GIF-Comparison of Northern Plains region and national erosion rates
Figure 9. Comparison of Northern Plains region and national erosion rates (USDA/NRCS, 1994).

Groundwater Quality

Groundwater quality in the Northern Plains also affects domestic health and agricultural uses of water. Generally, shallow alluvial aquifers in the eastern portions of the region and along major drainage systems are the most vulnerable to contamination.

The region's major groundwater quality concerns are salinity and contamination of the shallow alluvial aquifers from nitrates and pesticides. The contamination level in these aquifers directly relates to the soils' leaching potential, the amount of water available for deep percolation, pesticide solubility, and nitrate availability.

Fertilizer and pesticide leaching is a primary threat to the region's groundwater quality.

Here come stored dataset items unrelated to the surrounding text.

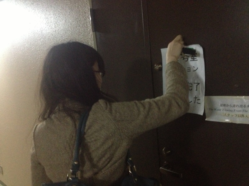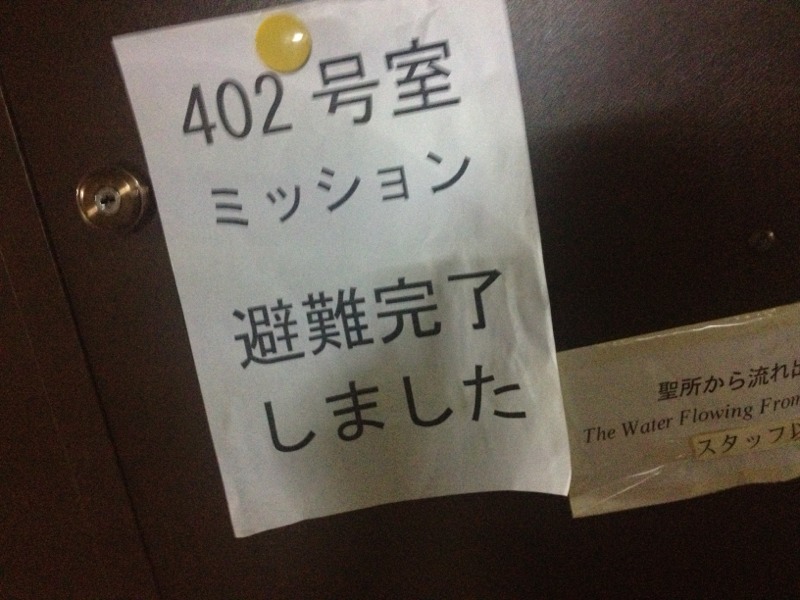 時間がきたので、避難を開始します。避難完了の表示をドアに貼り付けます! アマガイ
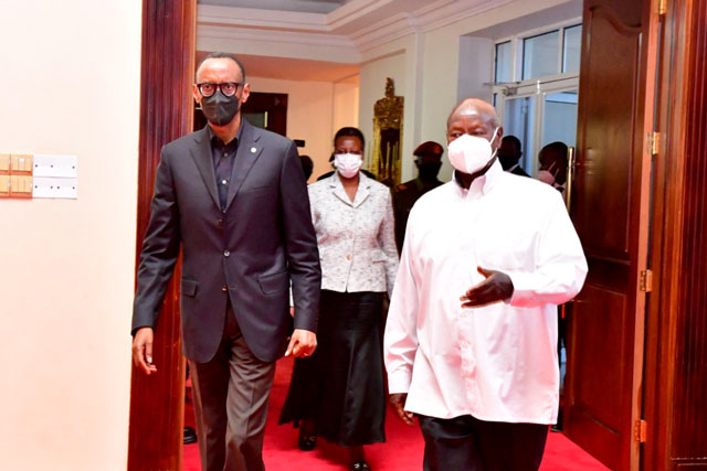 Rwanda’s President Paul Kagame (left) and President Yoweri Museveni at State House today. PHOTOS VIA PPU & @lindahNabusayi
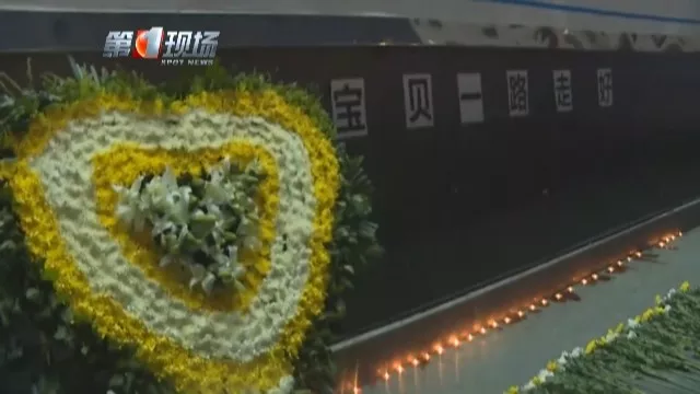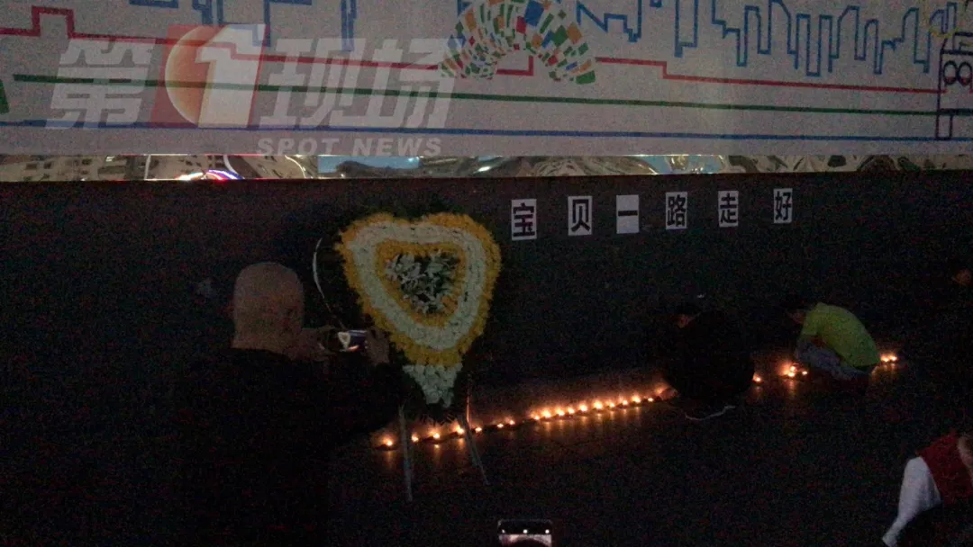 在广场正中央,放立着一个心形花牌,大家在地上点上了蜡烛,墙面贴着“宝贝一路走好”。
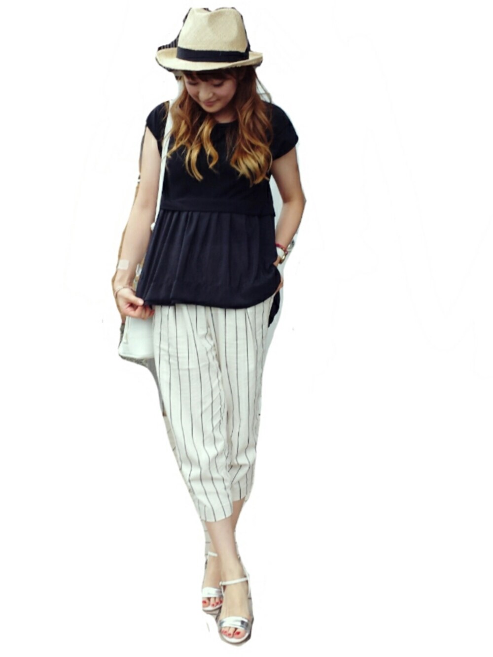 ブラック系のTシャツ/カットソーを着用したレディースの夏コーディネートの1枚目の写真
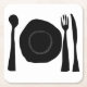 Black and White Plate and Utensils Square Paper Coaster
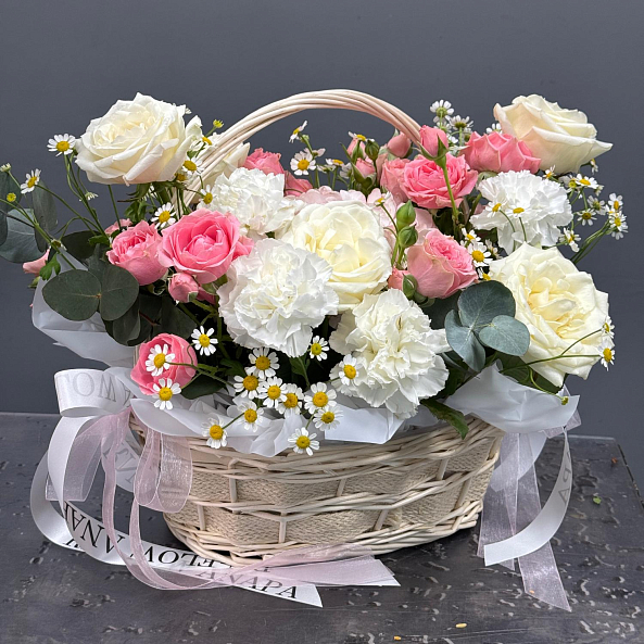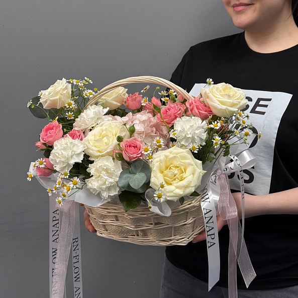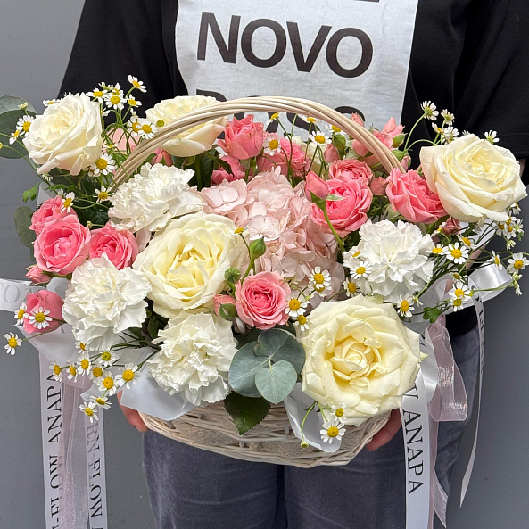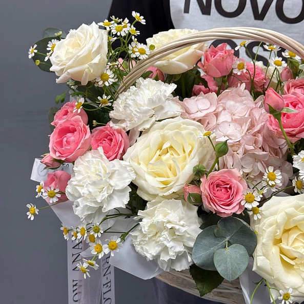 Корзина с цветами — розовая гортензия, французская роза "Мондиаль", кустовая пионовидная роза "Спешл Дайменшн", полевая ромашка и белая гвоздика (диантус) — это сочетание нежности, элегантности и свежести. Пышные и воздушные бутоны создают мягкий и трогательный образ, подчёркивающий изысканность и душевную теплоту. Такая корзина станет отличным подарком на день рождения, юбилей или как знак внимания и уважения.

Fertilizer and pesticide applications have increased significantly since 1965, and they are potential sources of pollution.

Madison and Burnett (1985) showed elevated nitrate-N (less than 3 parts per million [ppm]; assumed background level) concentrations in groundwater across most of Kansas and the western part of the corn belt (Figure 10). Later, Spalding and Exner (1991) illustrated nitrate-nitrogen concentrations greater than 10 ppm along the Central Platte River. Hatfield et al. (1993) reported that at least 480,000 acres (200,000 hectares) in the Platte River Valley between Kearney and Columbus are underlain by groundwater having NO3-N concentrations greater than 10 ppm.

GIF-Distribution of Nitrate-N concentrations in groundwater in the contiguous United States
Figure 10. Distribution of Nitrate-N concentrations in groundwater in the contiguous United States (Madison and Burnett, 1985).

The contaminated area is expanding by more than 9,600 acres/year (4,000 ha/year) (Hatfield et al., 1993). The contaminated areas were characterized by irrigated corn monoculture on well to excessively well drained soils with a vadose zone less than 49 feet (15m) thick.